Research projects
The Norwegian Cancer Society’s National Group of Expertise on Pancreatic Cancer (Kreftforeningens nasjonale ekspertgruppe på pancreaskreftforskning – KNEP)
This national consortium encompasses nine research groups that work with pancreatic cancer and now bundle their activities in the context of this 5-years´project. The research portfolio of KNEP comprises studies in the clinical fields of surgery, oncology and medical genetics, in addition to laboratory-based studies on multi-omics characterization of tumour tissue, high-throughput drug screening, histopathology, metabolomics, and animal models for pancreatic cancer. The work package on pathology focuses on morphological and molecular tumour heterogeneity.
PANCAIM – Pancreatic cancer Artificial Intelligence for genomics and personalized Medicine
The aim of this EU-funded project is to use artificial intelligence (AI) to assist clinical decision-making through improved prediction of treatment response and patient outcome. AI will be used for the integration of multi-omics, radiomics and pathomics, the three pillars of personalized medicine. Data will be extracted from a joint pan-European repository with close to 6000 pancreatic cancer patients.
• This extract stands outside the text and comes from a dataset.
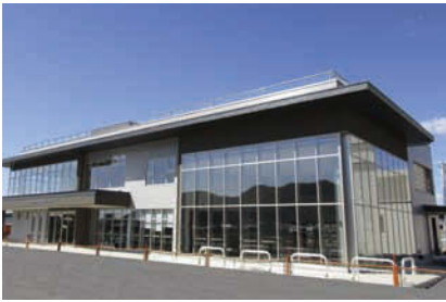
岐阜市長良川防災・健康ステーション 4月1日にオープン。平常時は市民の健康づくりの拠点として機能し、洪水時は指令室、水防倉庫などを備えた水防活動の拠点となる。

Project start: March 2021.
Effect of neoadjuvant treatment on pancreatic cancer
In more than 80% of patients, disease is advanced at the time of diagnosis, such that surgery is no longer possible and chemotherapy remains the only treatment option. Unfortunately, the vast majority of patients have very limited benefit from cytotoxic treatment. With the advent of neoadjuvant treatment, the residual tumour tissue, i.e., the part of the cancer that is or has become resistant to treatment, can be characterised and investigated in surgical resection specimens. In this project, intratumour heterogeneity in the residual cancer is investigated by detailed topographic mapping, proteomics and metabolomics. In the patient cohort of the NorPACT-3 study, tissue metabolomics are correlated with serum metabolomics. Quantitative assessment of the residual cancer burden is assessed in collaboration with the ISGPP (see list of collaborations).
Metabolic rewiring and chemoresistance in pancreatic cancer
Recent evidence indicates that pancreatic cancer cells alter their metabolic pathways and use unorthodox strategies for nutrient acquisition in order to survive the deeply hypoxic and nutrient-poor tumour microenvironment. In this project, 2D- and 3D-(co-)cultures of primary and commercially available human pancreatic cancer cells and stromal cells will be used to investigate the altered metabolic pathways, the role of the stromal cells in the metabolic reprogramming, and the possible link with chemoresistance.
Tumour heterogeneity in pancreatic cancer: transcriptional subclassification, tumour metabolism and AI-based morphological analysis
Molecular and metabolic inter- and intratumour heterogeneity is likely an important cause of treatment failure in pancreatic cancer. In this study, a panel of antibodies interrogating the glycolytic and oxidative phosphorylation pathways are employed on paraffin embedded tissue sections in order to map metabolic activity of the cancer and study the association between tumour histomorphology, transcriptional subtypes and metabolic properties. This basic knowledge may contribute to improved pathology assessment and subclassification of pancreatic cancer and possibly to a more individualized and effective treatment for these patients. In the context of the NorPACT-3 study (PI: KJ Labori, Section of HPB surgery, Oslo University Hospital), expression levels of Glut1 (which is part of the glycolytic pathway) in the residual cancer following neoadjuvant chemotherapy will be correlated with the results of FDG-PET/CT scanning. As part of the PANCAIM project (see above) and in collaboration with Prof. Ke Yuan and his team at the University of Glasgow, morphological heterogeneity is analyzed with a self-supervised deep-learning approach.
Lymph node metastasis in pancreatic cancer: spatial and single-cell analysis
Lymph node metastasis (LNM) occurs in 70% of patients with resectable pancreatic cancer and represents the strongest prognostic factor in this group. Yet, research has focused exclusively on the primary tumour, leaving important questions unanswered: Are LNMs identical to the primary tumor, or do they differ in morphology, transcriptional subtype, metabolic activity, the stromal compartment or immune microenvironment? What is the impact of neoadjuvant therapy on LNM? Does LNM contribute to subversion of systemic anti-tumor immunity? Does current routine pathology examination adequately reflect the lymph node metastatic burden? While research on LNM in PC has been hampered by the difficulty of obtaining fresh tissue samples and the lack of animal modes, new high-resolution profiling techniques are now applied to a vast archival bank of FFPE tissue.
Characterization of the genomic landscape and morphological phenotype of pancreatic cancer in patients with hereditary predisposition
In the context of the PREPAIRD study (Personalized surveillance for Early detection and prevention of Pancreatic cAncer in high Risk inDividuals; PI: EM Grindedal, Medical Genetics, Oslo University Hospital), pancreatic cancer from germline-mutation carriers will be characterized in-depth by genomic and transcriptional profiling as well as detailed morphological subtyping.